* [EXERCISE DIRECTIONS]: From the data below, return only the lines from the one with "(3) Franklin SILV" through the one with "貓抓柱 - 貓窩台魚貓樹", exact and inclusive, with pictures left out.

[Entries taken from a collection]

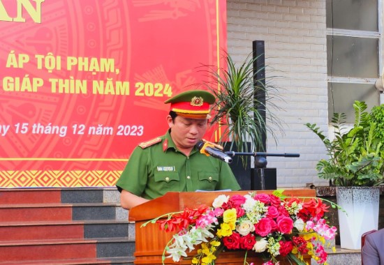 Tiếp thu ý kiến chỉ đạo của đồng chí Chủ tịch UBND huyện, để thể hiện tinh thần quyết tâm cao của các lực lượng ra quân thực hiện đợt cao điểm tấn công trấn áp tội phạm, đồng chí Thượng tá Phùng Minh Trí – Trưởng Công an huyện đã thay mặt cho các cơ quan, đơn vị phát biểu nhận nhiệm vụ, thể hiện quyết tâm thực hiện đợt cao điểm. Đảng ủy, lãnh đạo Công an huyện sẽ lãnh đạo, chỉ đạo triển khai đồng bộ các biện pháp đảm bảo ANTT trước, trong và sau dịp Tết Nguyên đán; tập trung tấn công trấn áp các loại tội phạm và các hành vi vi phạm pháp luật thường nổi lên vào dịp Tết, như cướp, cướp giật tài sản, trộm cắp tài sản, cố ý gây thương tích, gây rối trật tự công cộng, tội phạm liên quan đến hoạt động “tín dụng đen”, các hành vi buôn lậu, gian lận thương mại, vận chuyển buôn bán hàng cấm, hàng giả; sản xuất, tàng trữ, vận chuyển, mua bán, sử dụng pháo nổ trái phép; vi phạm pháp luật về vệ sinh, an toàn thực phẩm…; chủ động triển khai các biện pháp phòng ngừa, kết hợp với tuần tra vũ trang tại các địa bàn trọng điểm; nâng cao hiệu quả quản lý các hệ loại đối tượng nhằm tiếp tục kiềm giảm tội phạm; nâng cao hiệu lực công tác quản lý nhà nước về ANTT, huy động tối đa lực lượng, phương tiện tuần tra, kiểm soát đảm bảo TTATGT, kiềm giảm tai nạn giao thông trên cả 3 tiêu chí về số vụ, số người chết, số người bị thương… nhằm góp phần thực hiện mục tiêu “bảo đảm an ninh, trật tự, giữ vững trật tự, kỷ cương, phục vụ hiệu quả nhiệm vụ phát triển kinh tế - xã hội, bảo đảm quốc phòng-an ninh trên địa bàn huyện”, tạo môi trường ổn định để các tầng lớp Nhân dân vui xuân, đón Tết bình yên, hạnh phúc.
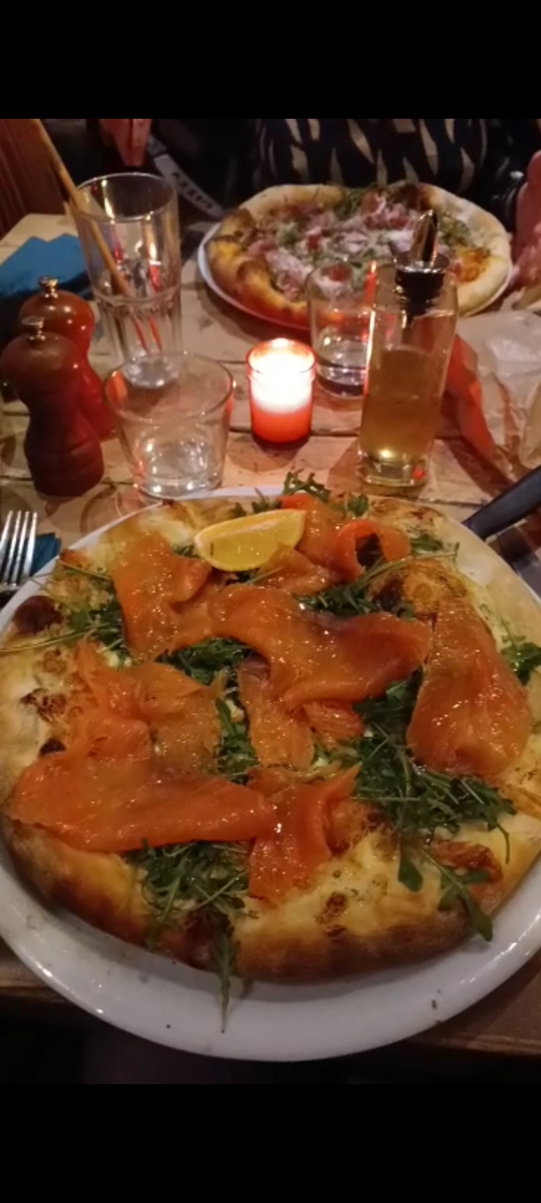 Super expérience ! Le repas était vraiment délicieux de l’entrée au dessert, étant végétarienne et mon copain aussi nous avions peur de devoir manger la même chose mais il y avait pas mal d’option végétarienne que ce soit au niveau des pizzas ou sur l’ardoise du soir. Les boissons étaient top, la serveuse a très bien su nous conseiller sur le vin. L’ambiance était agréable dans le restaurant et le temps d’attente était tout a fait parfait. Petit plus pour l’équipe vraiment très sympathique.
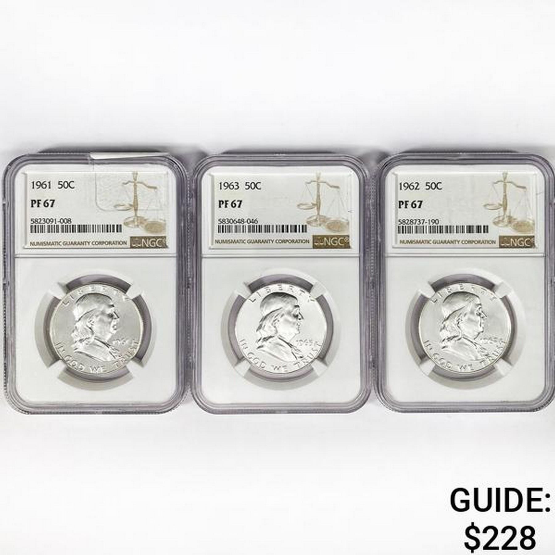(3) Franklin SILV Half Dollars NGC PF67 1961-1963
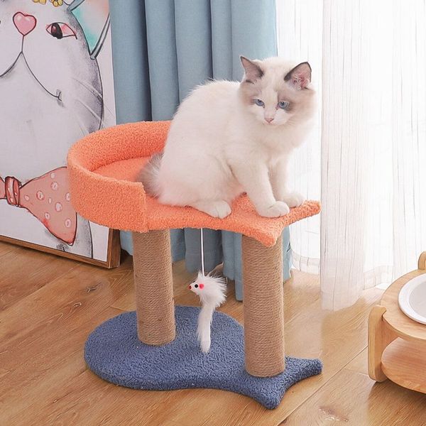 貓抓柱 - 貓窩台魚貓樹 優質柔軟絨毛貓塔 貓爬架 刮板貓家 貓窩玩具 兩層跳台貓窩,貓樹屋可以多處玩耍的睡眠磨爪貓居 貓跳台
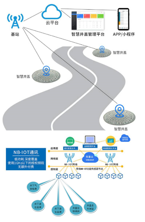 井盖数量多,分布广,且权属多家单位,靠人工巡查处置管理难度大。基于NB-IoT物联网的井盖监控器及报警系统为解决井盖管理问题带来了契机。NB-IoT有容量大、功耗低、覆盖远的特点,在井下恶劣的条件下信号也能快速传输出去。井盖监控器及报警系统主要功能包括井盖位置地图管理、井盖资产管理、井盖告警实时监控、井盖故障派单处理等。实时监控井盖状态,基于轨迹分析和倾角检测的井盖监控器,当井盖发生翻转或移动后会第一时间通知报警中心;建立基于RFID的电子标签为井盖建立的身份标识,对井盖统一归档、统一管理;基于物联网的智能井盖监控平台可以对城市中各个部门的井盖进行统一管理,提高管控效率;通过手机APP也可以实现井盖状态监控。

* [TASK OUTPUT]:
(3) Franklin SILV Half Dollars NGC PF67 1961-1963
 貓抓柱 - 貓窩台魚貓樹 優質柔軟絨毛貓塔 貓爬架 刮板貓家 貓窩玩具 兩層跳台貓窩,貓樹屋可以多處玩耍的睡眠磨爪貓居 貓跳台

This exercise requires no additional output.